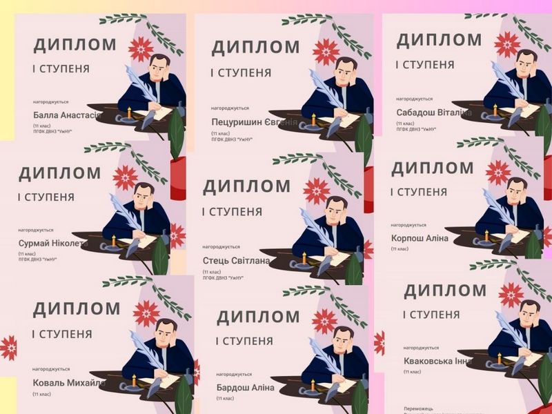 - дипломи І ступеня отримали: Світлана Стець, Ніколета Сурмай, Євгенія Пецуришин, Анастасія Балла, Віталіна Сабадош, Аліна Бардош, Михайло Коваль, Аліна Корпош, Інна Кваковська, Катерина Песоцька.
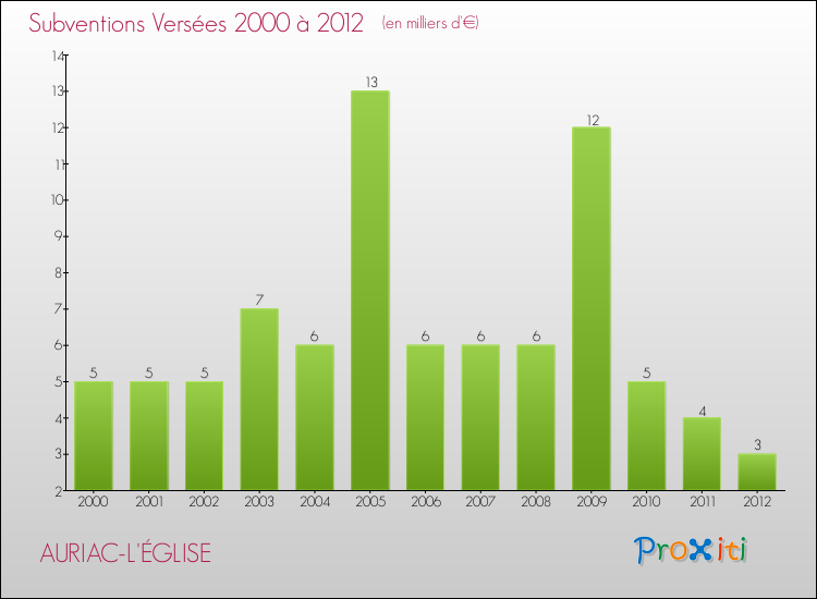 Le résultat comptable de la commune de Auriac-l'Église s'établissait ainsi à : + 73 000 € fin 2012.
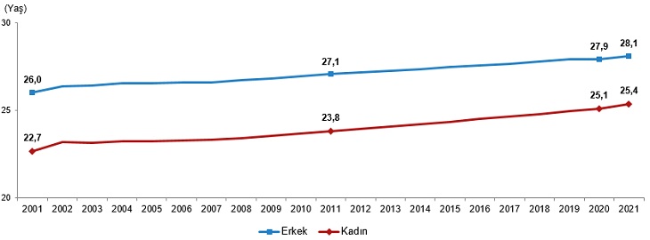 Yıllara göre ortalama ilk evlenme yaşı incelendiğinde, her iki cinsiyette de ilk evlenme yaşının arttığı görüldü. Ortalama ilk evlenme yaşı 2021 yılında erkeklerde 28,1 iken kadınlarda 25,4 oldu. Erkek ile kadın arasındaki ortalama ilk evlenme yaş farkı ise 2,7 yaş olarak gerçekleşti.
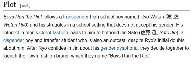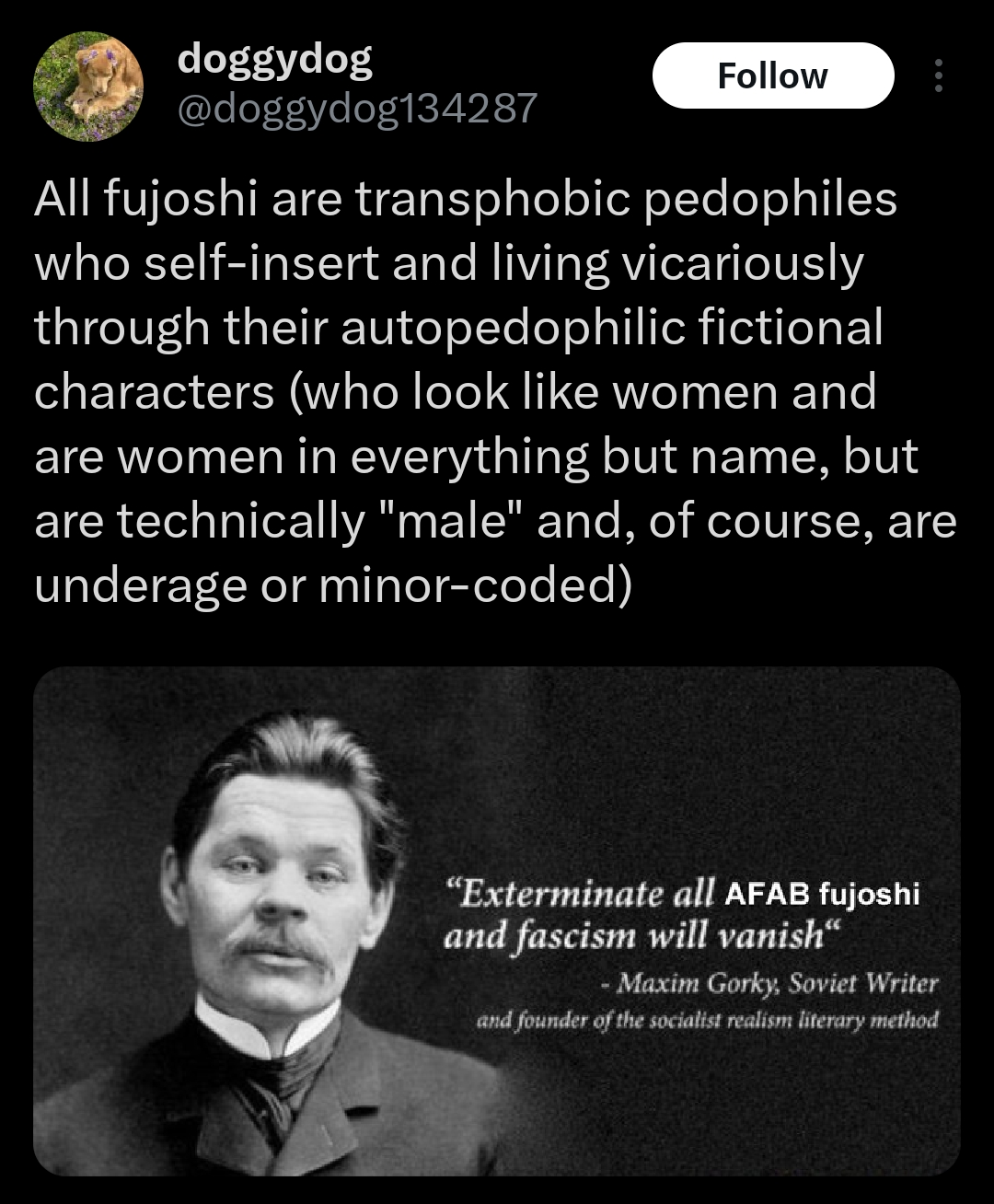 >>11922>I know everyone here has issues with them but to me it's not something that i'm worried aboutI think the point is that you can't put trans 'fudans' in the same category as regular fudans because 99% of the time their behavior is the same as fujos except with a lot more overcompensation and/or shitting on fujos to make themselves feel more valid, including the 'making yaoi their entire identity' thing. Sometimes fudans join in on the fujo bullying if they're the misogynistic type, though, but they're less likely to complain on the basis of stereotypical 'toxic yaoi tropes' and more on the fujo content not being manly enough for them.
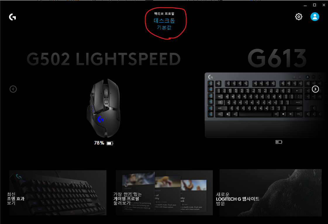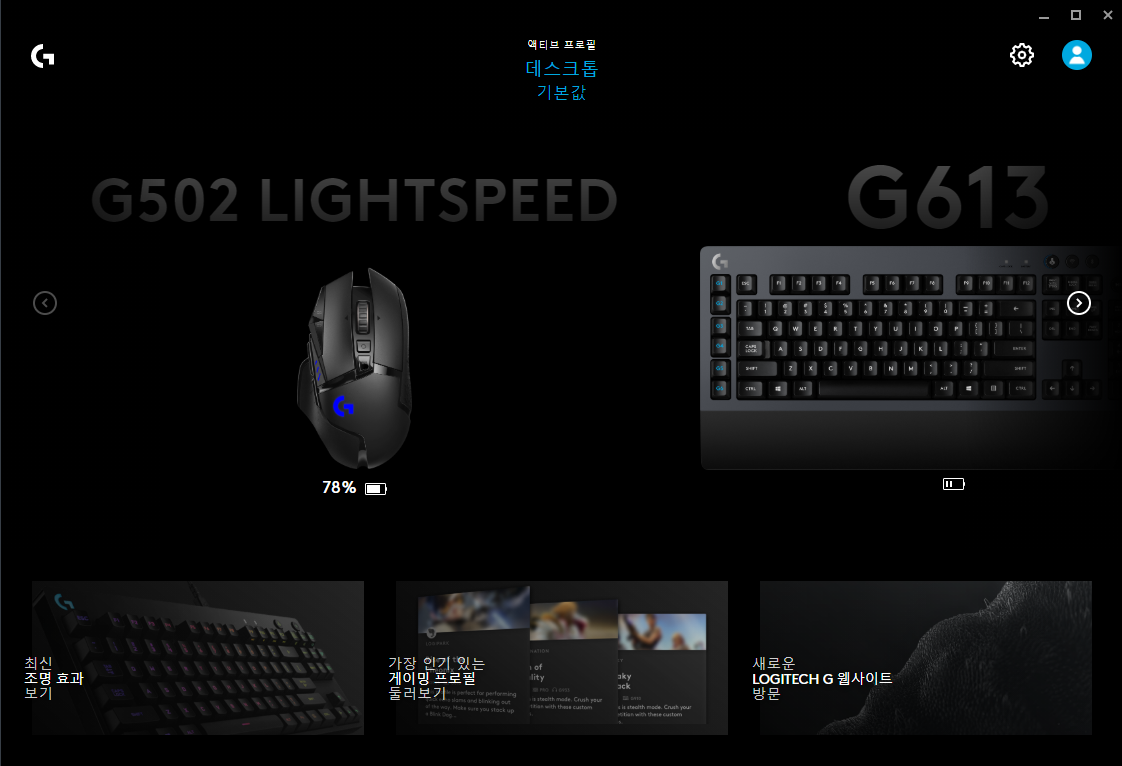 4. G HUB를 다시 실행시켜 보면 완전히 복구 된 것을 볼 수 있다.

-- DIRECTIONS FOR THIS TASK --
Set down all the material exactly once more. No pictures.

-- EXERCISE OUTPUT --
 - дипломи І ступеня отримали: Світлана Стець, Ніколета Сурмай, Євгенія Пецуришин, Анастасія Балла, Віталіна Сабадош, Аліна Бардош, Михайло Коваль, Аліна Корпош, Інна Кваковська, Катерина Песоцька.
 Le résultat comptable de la commune de Auriac-l'Église s'établissait ainsi à : + 73 000 € fin 2012.
 Yıllara göre ortalama ilk evlenme yaşı incelendiğinde, her iki cinsiyette de ilk evlenme yaşının arttığı görüldü. Ortalama ilk evlenme yaşı 2021 yılında erkeklerde 28,1 iken kadınlarda 25,4 oldu. Erkek ile kadın arasındaki ortalama ilk evlenme yaş farkı ise 2,7 yaş olarak gerçekleşti.
 >>11922>I know everyone here has issues with them but to me it's not something that i'm worried aboutI think the point is that you can't put trans 'fudans' in the same category as regular fudans because 99% of the time their behavior is the same as fujos except with a lot more overcompensation and/or shitting on fujos to make themselves feel more valid, including the 'making yaoi their entire identity' thing. Sometimes fudans join in on the fujo bullying if they're the misogynistic type, though, but they're less likely to complain on the basis of stereotypical 'toxic yaoi tropes' and more on the fujo content not being manly enough for them.
 4. G HUB를 다시 실행시켜 보면 완전히 복구 된 것을 볼 수 있다.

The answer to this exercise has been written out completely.